The encounter, part of a “TimesTalks” series, took place at The New School on Thursday night not long before Carr died, suddenly and inexplicably. He collapsed in the newsroom at The New York Times and was rushed to a hospital where he was pronounced dead. Carr was only 58. A cause has yet to be determined.
Postscript: Feb. 15 — NYT reports that Carr “had lung cancer and died of complications from the disease, according to the results of an autopsy.” Carr had been “a survivor of Hodgkin’s lymphoma.” According to the medical examiner, he had “metastatic small cell neuroendocrine carcinoma of the lung” when he collapsed, as well as “heart disease,” which was “a contributing factor” in his death.
Eric Berman says
OK. So Snowden opted to go over to the Ruskies because our country just promotes a culture of snooping and marketing lies. Read this from today’s NY Times:
A Russian TV Insider Describes a Modern Propaganda Machine
http://www.nytimes.com/2015/02/14/world/europe/russian-tv-insider-says-putin-is-running-the-show-in-ukraine.html
“What matters in a dictatorship is control of the security services and control of propaganda,” says Peter Pomerantsev.
“Mr.

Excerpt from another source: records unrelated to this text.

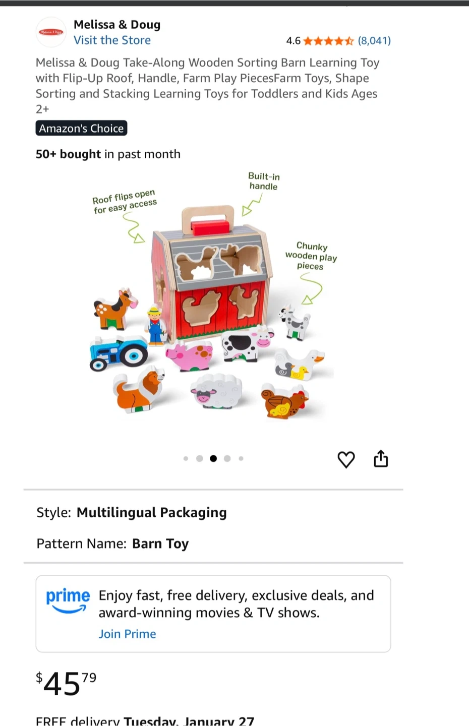 This Melissa & Doug Take-Along Wooden Barn Learning Toy features chunky wooden play pieces. It has a flip-up roof for easy access and a built-in handle for carrying. Kids can sort shapes and stack farm animals!
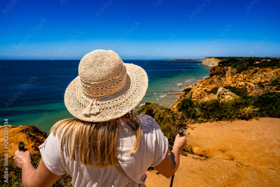 Active summer vacation. Mature woman tourist in sun hat standing with Nordic poles at viewpoint during sightseeing coast on beautiful sunny day. Back view
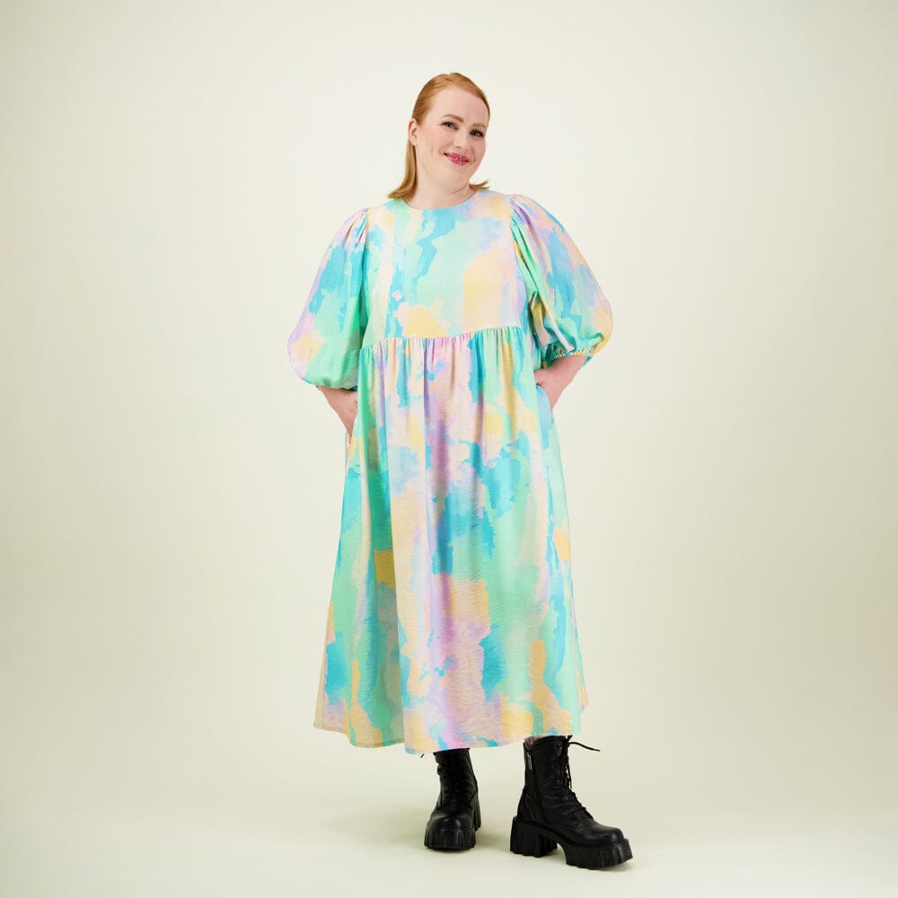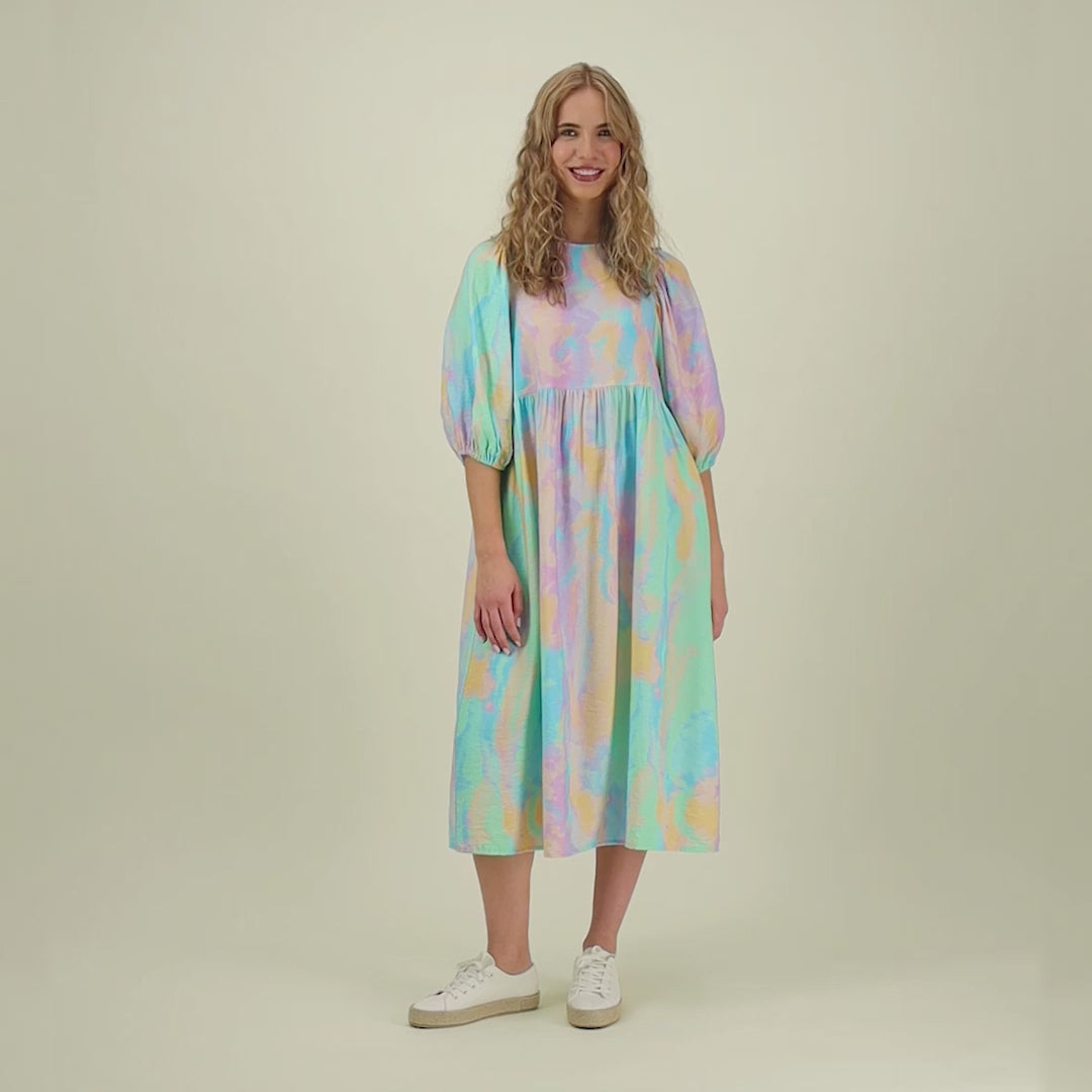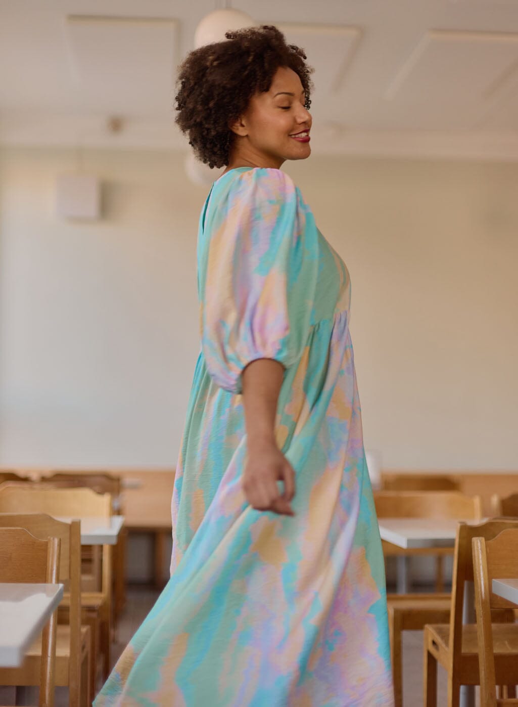 The Sunset Puff Sleeve Midi Dress is an eye-catcher that combines a feminine shape, artistic pattern and carefree comfort. The dress is made of lightweight viscose that flows beautifully and gives you room to move. The half-length puff sleeves add volume to the look, and the midi length makes the dress suitable for both everyday and festive occasions.

Pomerantsev’s book, ‘Nothing Is True and Everything Is Possible,’ has particular resonance, describing a world where laws change at the whim of the powerful and where television provides an ever-present, entertaining and emotionally charged distortion of reality.
“Mr. Pomerantsev’s area of study is propaganda, and he believes he saw many classic techniques at work in Moscow. He says one favorite trick was to put a credible expert next to a neo-Nazi, juxtaposing fact with fiction so as to encourage so much cynicism that viewers believed very little. Another was to give credence to conspiracy theories — by definition difficult to rebut because their proponents are immune to reasoned debate.
“’What they are basically trying to undermine is the idea of a reality-based conversation,’ Mr. Pomerantsev said, ‘and to use the idea of a plurality of truths to feed disinformation, which in the end looks to trash the information space.’
“’It’s not so much an information war, but a war on information,’ he said.
What a self-promoting jerk Snowden is. Ain’t no hidin’ place down here!
Jan Herman says
Sorry, Eric, you are misinformed. Watch the video. Snowden did not “opt to go over to the Ruskies.” He got stuck there because the US pulled his passport and he couldn’t leave.
william osborne says
I noticed that this NYT interview challenges the Obama administration more strongly than the Democracy Now! interview of John Kiriakou who Obama put in prison.